What is this TEMPLATE thing?
What is the "w" in TEMPLATE w $FILENAME?
What should the output look like?
In this forum,if you dont get a response in 1 or 2 hours, then most probably, your question is not clear.

ppucci · July 26, 2009, 7:56am

I've read somewhere about this "w" option on writing the output to a different file than input, but I guess I read it wrong or not sure how to use it...

Anyway, I went back to redirect using > and it worked!

Just for the record... the template files are templates with placeholder for Cisco router config files, like:

!configlet for HNAME (IP_ADD)
conf t
interface INT
 ip address IP_ADD mask MASK
end

And the source CSV file contains the hostname, interface number, IP addresses and subnet masks for each of the 1000+ devices I needed to create a configuration file... CSV also had the device type for each device (using the same types as TEMPLATE) and a FILENAM for each device so the script would write a different file for each device.

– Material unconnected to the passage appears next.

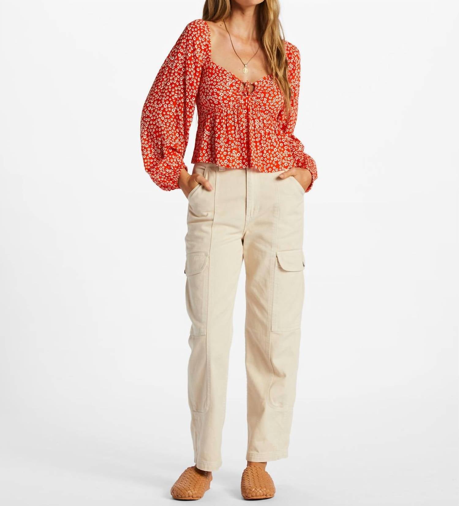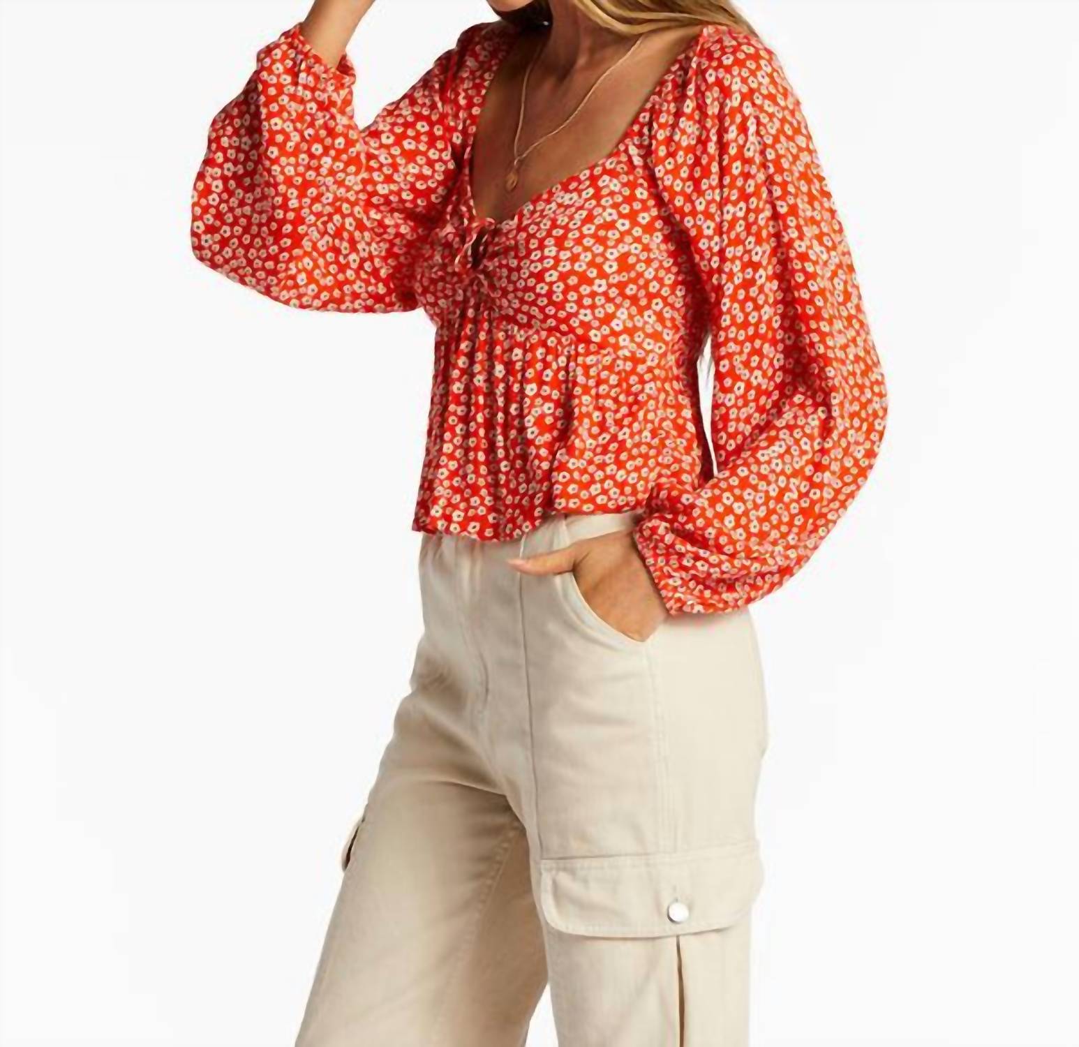 Pair this with your favorite jeans and slides for your next girls night out. The Your Fav Top by Billabong is an enticing piece perfect for spring gatherings, presented in a vibrant Fire Side floral pattern. This blouse features long blouson sleeves and a figure-flattering peplum ruffle at the waist, complete with a keyhole at the bust. Crafted from a crinkle viscose blend, it offers a V-neckline and a smocked back, finished with a tie closure for a custom fit. Materials: 100% Viscose. Ideal for Thanksgiving or housewarming occasions, this top is a nod to 90s fashion trends.

As I had many different templates, I also improved the code to save them on different folders according to the type.

I'll post latter the final script

Thank you for your reply!

edidataguy · July 26, 2009, 12:17pm

Yes, you are right, with the "w" you can write the output to a file.
but the syntax should be as follows:

w TEMPLATE $FILENAME

Where "TEMPLATE" will be the outputfile.

Did yo realize that you have used the FILENAME variable at both, the "read" as well as the input file name?

danmero · July 26, 2009, 12:30pm

@ ppucci
Why you don't post a sample input and a sample of required output.

ppucci · July 27, 2009, 2:10pm

edidataguy:

Yes, you are right, with the "w" you can write the output to a file.
but the syntax should be as follows:
w TEMPLATE $FILENAME
Where "TEMPLATE" will be the outputfile.

Did yo realize that you have used the FILENAME variable at both, the "read" as well as the input file name?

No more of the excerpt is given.